We only recently started checking CAA at issuance time when the original CAA lookup for the authorization is no longer considered usable by the baseline requirements. There was a bug with the recheck implementation that turned the failures into Internal Server Errors instead of a better error representation. We've fixed that bug but the fix hasn't made its way to production yet.

1 Like

@schoen Thanks! I did not know it any of this info was sensitive so i just redacted everything.

@cpu Thanks for the help. If I correctly understand what you wrote the bug only made the error pop out different and had nothing to do with the CAA lookup failure itself. Do you have any pointers on that? The hostingprovider for that domain does not yet support CAA records, could that be the problem? or do I need to look elsewhere? Any help would be much appreciated.

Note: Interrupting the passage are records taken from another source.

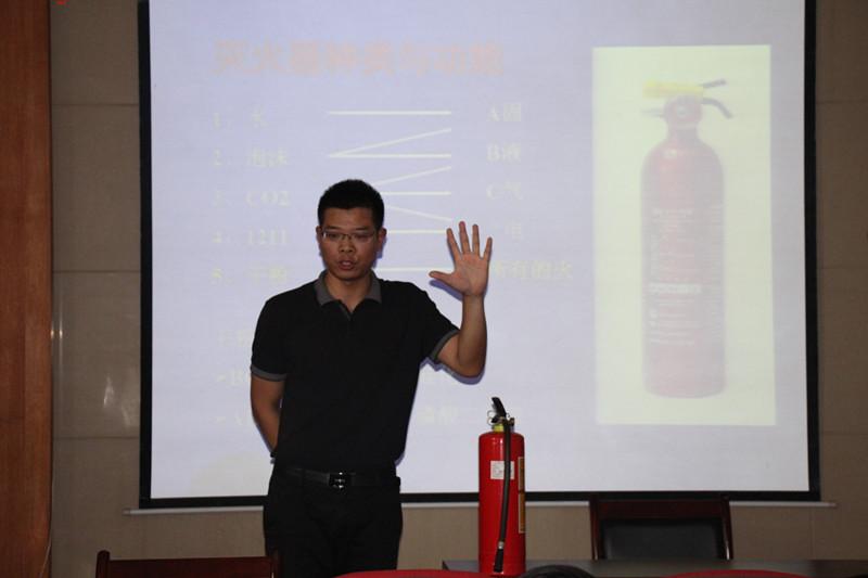 此次培训会分为两个部分,第一部分是李教官在为师生们讲解火灾预防和自救的理论与方法,第二部分是在东五楼前空地进行消防安全演习。
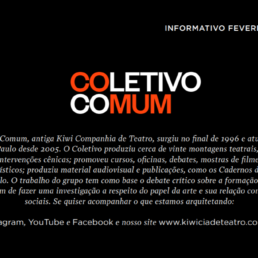 1 de setembro de 2017Reestreia do Fome.doc em outubro! 6 de setembro de 2017Reestreia de Manual de Autodefesa Intelectual no Espaço Cia da Revista! 24 de fevereiro de 2018Manual de autodefesa intelectual no 27º Festival de Teatro de Curitiba, 2018. 31 de maio de 2021Vulcões 28/05 15 de junho de 2021Vulcões 16/06 15 de junho de 2021Vulcões 18/06 24 de fevereiro de 2022COLETIVO COMUM 19 de maio de 2022[Post]Outros Trabalhos – Carne 24 de junho de 2022A exceção e a regra 24 de junho de 2022Herança Brecht 24 de junho de 2022Universidade e teatro 6 de dezembro de 2024Universo 6 de dezembro de 2024Os Números e a Vida 6 de dezembro de 2024eXílio
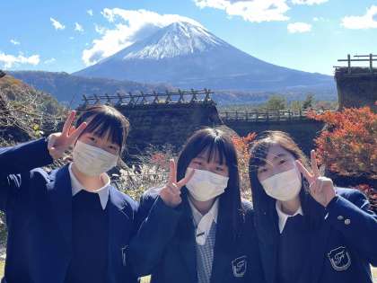 「いやしの里根場・に着きました。天気も良く,茅引き屋根や富士山,紅葉もきれいです。それぞれに写真を撮り,日本の原風景の中でのんびりと時間をすごしています。
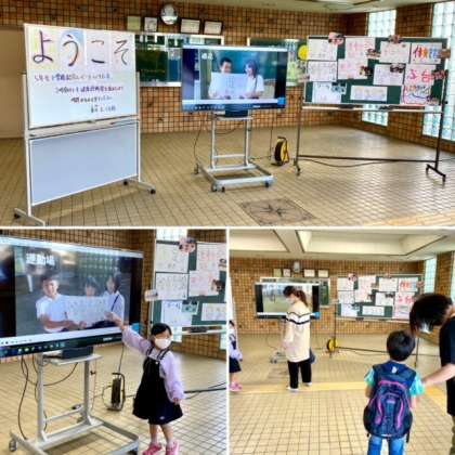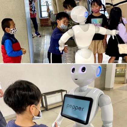 来春に入学してくる子どもたちの健康状態をしらべる健康診断を行いました。みんな元気にやってきました。5年生がつくったお迎えのビデオを見て、ペッパーとも仲良しになりました。来年度は、みんな1年生です。
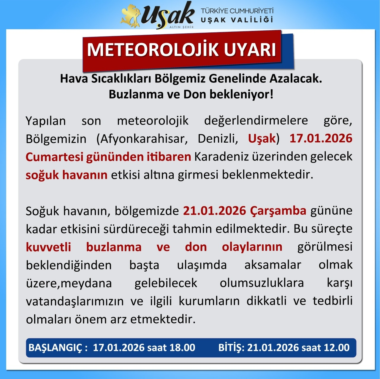 Meteorolojik uyarıya göre, soğuk havanın 21 Ocak 2026 Çarşamba gününe kadar bölgede etkisini sürdürmesi öngörülüyor. Bu süreçte özellikle kuvvetli buzlanma ve don olaylarının görülmesi bekleniyor.
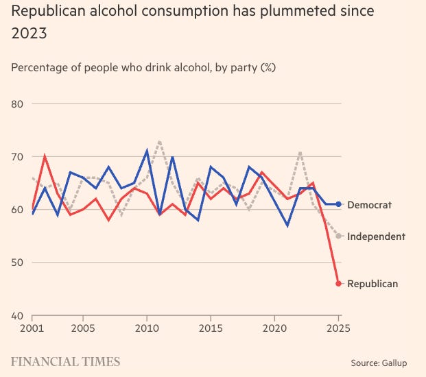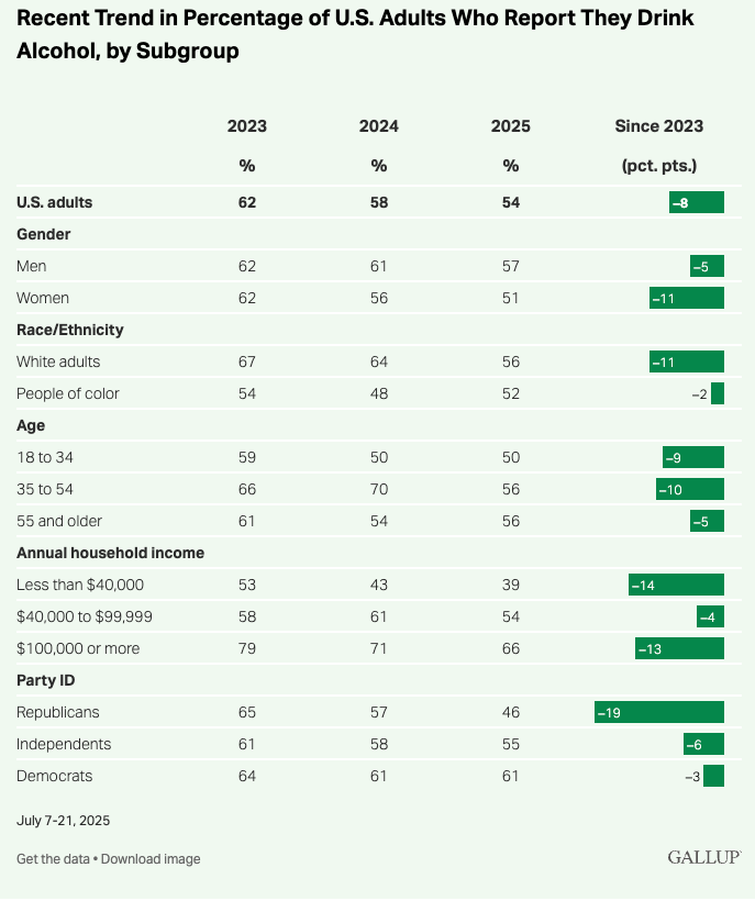 One shocking poll data point is that just 46% of Republicans reported drinking this year. That's down by a third from 2023, while the share of Democrats who drink slipped only 5%.
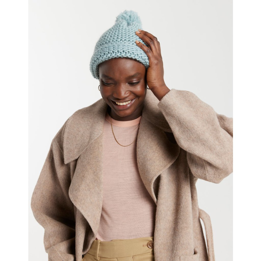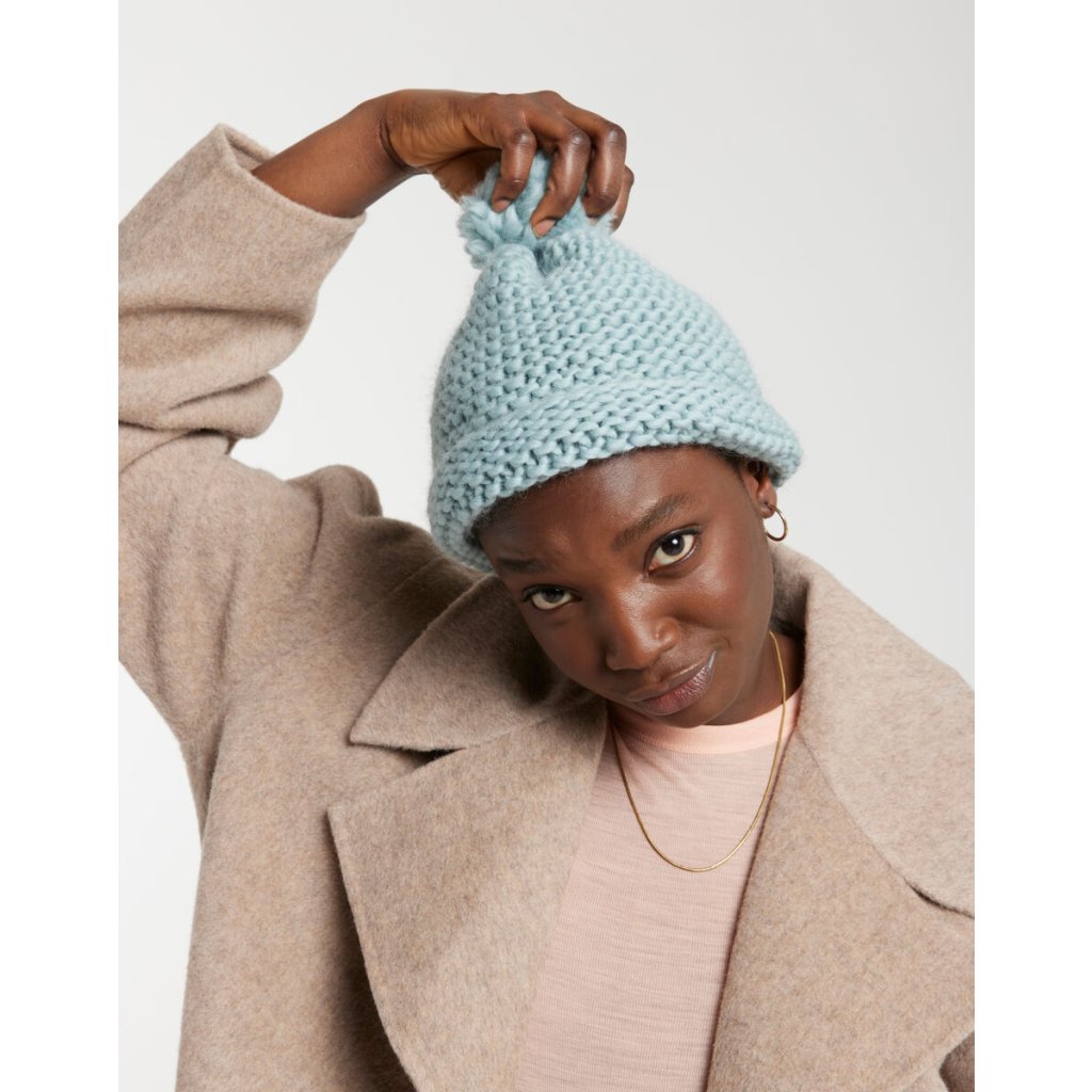 Čepice Big Ideas Hat se plete ze superměkké peruánské vlny Lil' Crazy Sexy Wool od ikonické značky Wool And The Gang. Tato příze je o něco tenčí "sestřičkou" silné vlny Crazy Sexy Wool, a tak se kromě teplých svetrů hodí i na celoroční pletení.
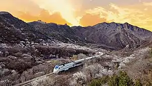 The Beijing–Baotou railway or Jingbao railway (simplified Chinese: 京包铁路; traditional Chinese: 京包鐵路; pinyin: Jīngbāo Tiělù) is an 833 km (518 mi) railway from Beijing to Baotou, Inner Mongolia, functioning as an important route in North China. It was the first railway in China designed and built by Chinese. It passes through a famous section of the Great Wall at Badaling. It is now largely paralleled by Beijing–Zhangjiakou intercity railway and Zhangjiakou–Hohhot high-speed railway.
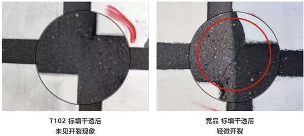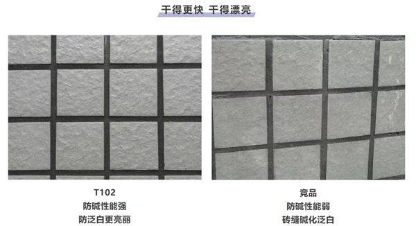 科顺家庭防水-T102 彩色填缝剂与竞品在同一温度、湿度环境试验下干得更快,有效对抗碱化泛白。
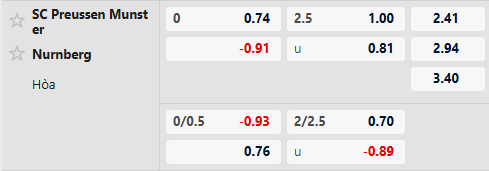 Thông tin tỷ lệ bóng đá Preussen Munster vs Nurnberg:
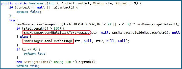 The SMS-sending routine dispatches messages through a targeted SIM slot using the subscription ID collected during the SIM-profiling phase. It resolves the appropriate SmsManager instance for that subscription and transmits the payload either as a standard text or a multipart SMS based on length. This design enables the malware to reliably issue outbound SMS commands from any available SIM, including selectively using specific subscriptions on dual-SIM devices to maximize delivery and evade detection.
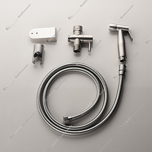 -. Feature : Bidet Sprayer Provides Easy & Efficient Way to Get Fresh w/Gentle Rise or Jet Spray / Getting Clean is Convenient and Frustration Free Without Leaks or Sprayer Problems, Easy Hand Bidet / Allow every member of family to use,easy to install (men, women and children) / Includes Brushed Nickel T Valve Adapter, Hose&Holder to Form Complete Set / Use: toilet, bathroom, kitchen, outdoor, garden, ect
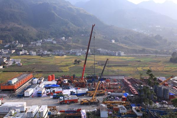 在四川盆地南缘的崇山峻岭之间,长宁—威远国家级页岩气示范区内各种机器设备正干得热火朝天——国内首次页岩气开发“工厂化”作业正在那里开展:目标井组长宁H3井组位于宜宾市珙县上罗镇,井场共布井6口,成2排分布,井间距5米,排距10米。
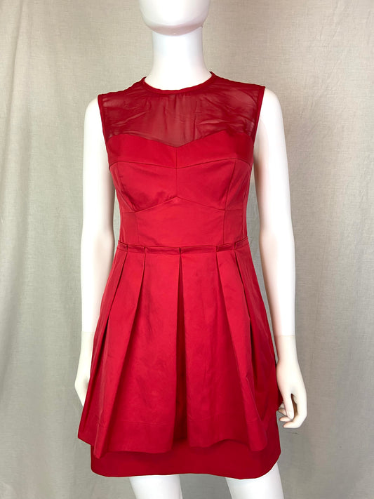 REBECCA TAYLOR Red Silk Dress W/ Flower Petals
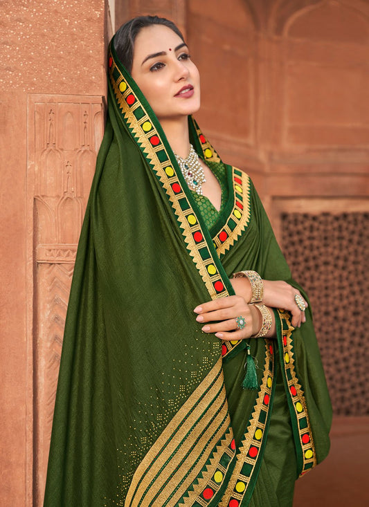 Designer Vichitra Silk Green Embroidered Saree
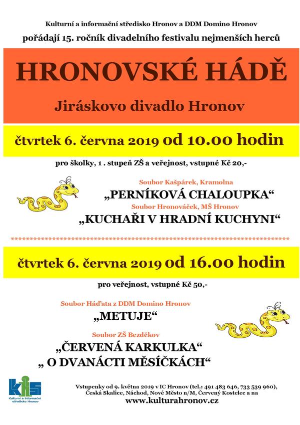 Vystoupí čtyři soubory: Kašpárek - Kramolna, Hronováček - MŠ Hronov, Háďata z DDM Domino Hronov a ZŠ Bezděkov.
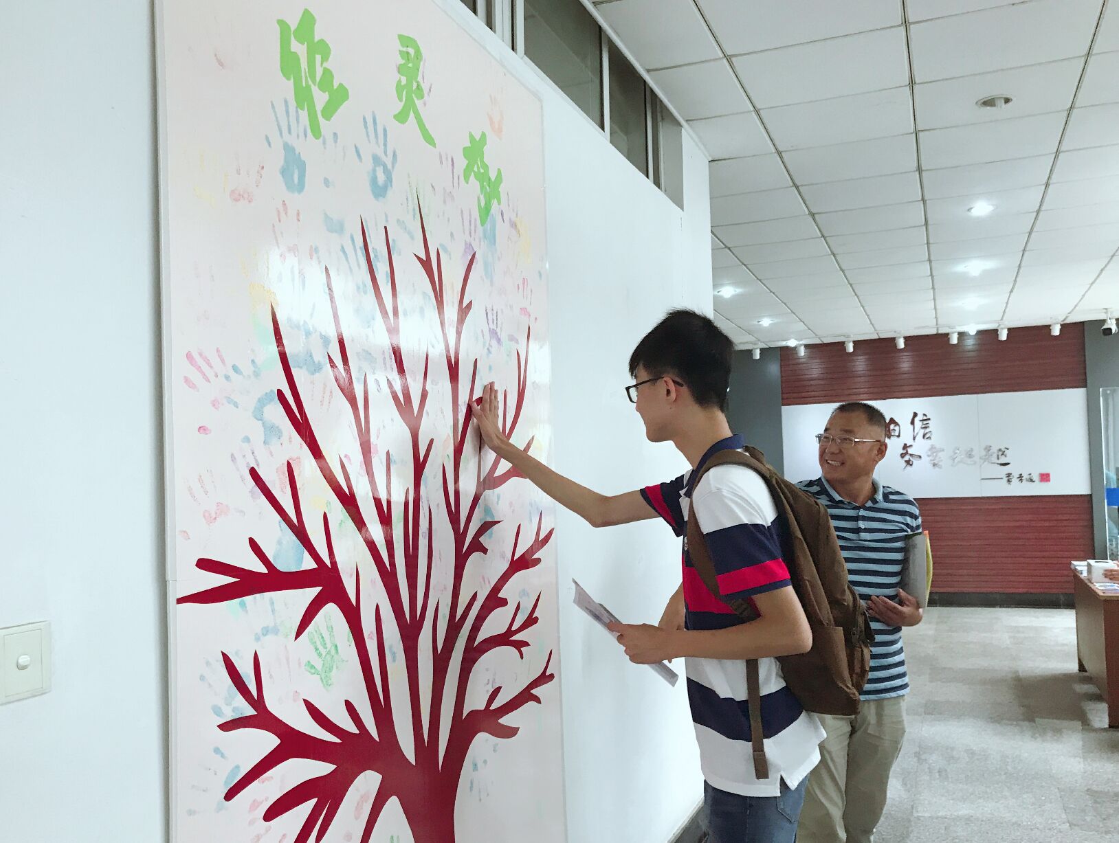 “经灵树”下,新同学们选择各自喜欢的颜色,纷纷按下七色掌印。或跳跃起来将手印按在“经灵树”的最高处,或在枝桠上留下彩色的掌印,形成一片片的“树叶”,象征每名同学都是凤凰娱乐城官方
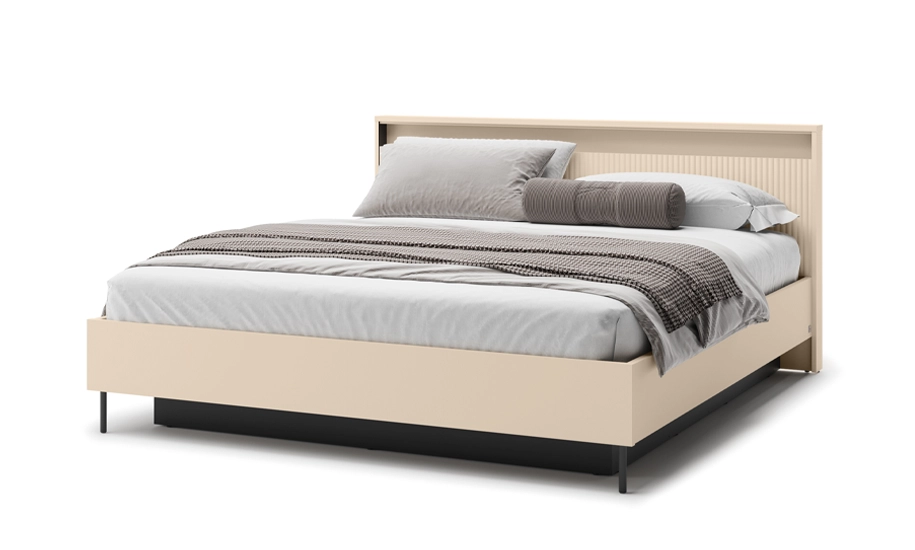 - Ліжко виготовлене у сучасному стилі, що гармонійно впишеться в інтер'єр будь-якої спальні. Його пісочно-бежевий колір з чорними акцентами додає стриманої елегантності, створюючи теплу та затишну атмосферу. Модель легко комбінується з іншими меблями, зокрема з шафами, комодами та дзеркалами в сучасному дизайні.
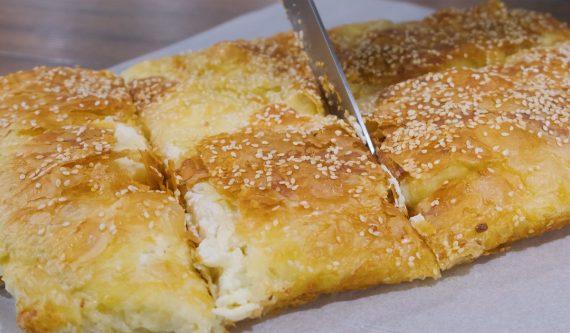 ZUTATEN 500 g griechischer Feta-Käse 500 g Phyllo 2 mittelgroße Eier 300 g Milch 1 TL Backpulver ————————————- 100 g Wasser 50 g Olivenöl 1 TL Salz ————————————– Sesam

Hi @joeyboon - that's correct.

Sure! We have a documentation page on CAA that is probably the best resource. In your case your DNS provider is falling into the "SERVFAIL" bucket described on that docs page. They don't need to support adding CAA records but they do need to respond the correct way when Let's Encrypt asks if you have a CAA record. You could contact your DNS provider to ask about why they return the incorrect SERVFAIL status or you could switch to an alternative DNS provider.

Hope that helps!

1 Like

I solved it! Problem was located at my domain registrar. They had to reset DNSsec for the domain. Now everything works like a charm! Thanks again for helping out a noobie :wink:

1 Like

Looks like recent changes broke this again. The libreswan.* domains, which are DNAMEs to libreswan.org all broke :frowning:

we changed all libreswan.* domains to not use DNAME for now, and left libreswan.net broken so it can be used to diagnose and test. We do want to go back to using DNAMEs again for all domains through…

Hi @letoams,

In the process of working through the legacy CAA implementation we were required to deploy to meet the baseline requirements we made a choice to not support DNAMEs.

I believe this will work when we return to an erratum 5065 CAA tree climbing algorithm. We're petitioning various parties/root programs to try and get back to this state ASAP.